Vérification de l'Âge des Pneus
Le seul moyen sûr est de consulter les inscriptions sur le flanc du pneu, où le lieu de fabrication est toujours mentionné.
Montage de Pneus Non Homologués
En cas de problème, le constructeur de votre moto pourra refuser la prise sous garantie. Une hauteur de flanc (appelée officiellement “rapport d’aspect”) plus basse permet au pneu de moins se déformer en virage, mais cela se fait au détriment du confort de suspension. Si vous privilégiez un pneu “taille basse”, n’oubliez pas que le chiffre indiqué est un pourcentage de sa largeur.
Panachage des Pneus
Il n’est pas du tout nécessaire d’avoir le même modèle de pneu sur les deux roues. Si l’on doit changer un pneu avant l’autre, ce qui arrive assez souvent, il est préférable de choisir un pneu de même marque et si possible de même profil (profil rond pour les pneus routiers ou profil triangulaire pour les pneus sportifs).
Rodage des Pneus Neufs
Soyons clairs : la couche sur la bande de roulement part très vite, juste le temps que le pneu chauffe, au bout de quelques centaines de mètres l’été, de 5 à 10 kilomètres l’hiver ou par temps de pluie. Sur les flancs, il faut bien plus longtemps pour roder le pneu car nous y passons en général peu de temps.
Indice de Charge
Bien respecter l’indice de charge : un pneu de la bonne dimension, mais d’un indice de charge inférieur, n’est pas prévu pour supporter le poids de votre moto.
Pneus Tubeless
Dans une carcasse radiale, les fils sont enroulés autour du pneu, comme sur une grosse bobine.

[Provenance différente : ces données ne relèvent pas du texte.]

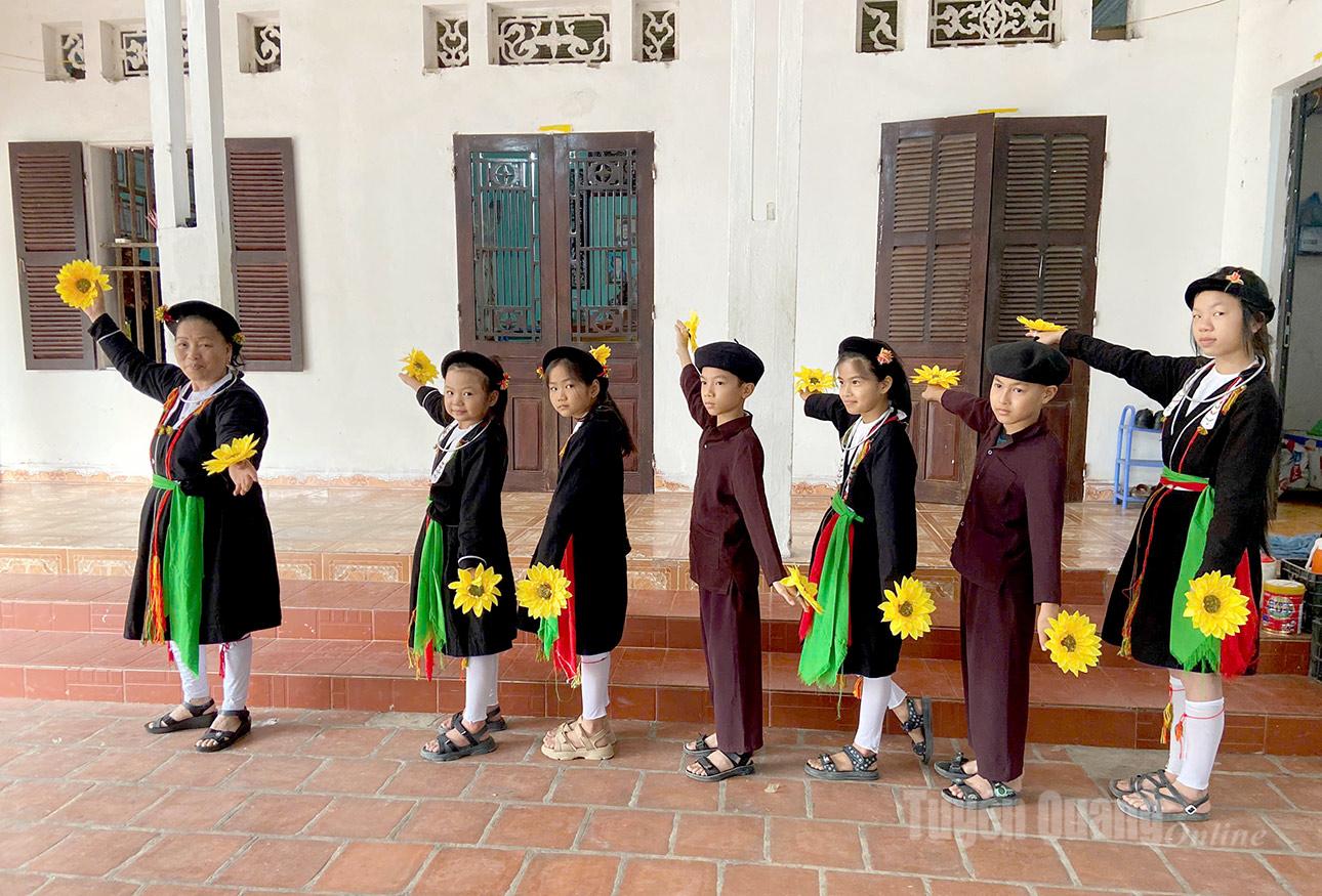 Em Hoàng Thu Huyền, 13 tuổi chia sẻ, được cùng các bạn học hát, múa tại nhà văn hóa thôn mỗi dịp hè cháu rất vui. Các ông, bà không chỉ dạy hát, múa, mà còn dạy chúng cháu phải biết yêu và tự hào với văn hóa dân tộc. Điều đó giúp cháu tự tin hơn trong cuộc sống và học tập. Ở lớp, cháu cũng là thành viên nòng cốt của đội văn nghệ, tham gia biểu diễn, hội thi của trường và đoạt giải cao.

Achat de Pneus en Ligne et Montage
Certains sites web proposent des tarifs bien plus avantageux que dans votre petit atelier de quartier, voire que votre concessionnaire, parfois que les grosses centrales du pneu. Ces offres promotionnelles demandent à s’assurer que les pneus ne soient pas trop vieux, avec un risque d’avoir été mal stockés. Légalement parlant, rien ne justifie qu’un concessionnaire ou un garagiste refuse d’installer des pneus que vous n’avez pas achetés chez lui.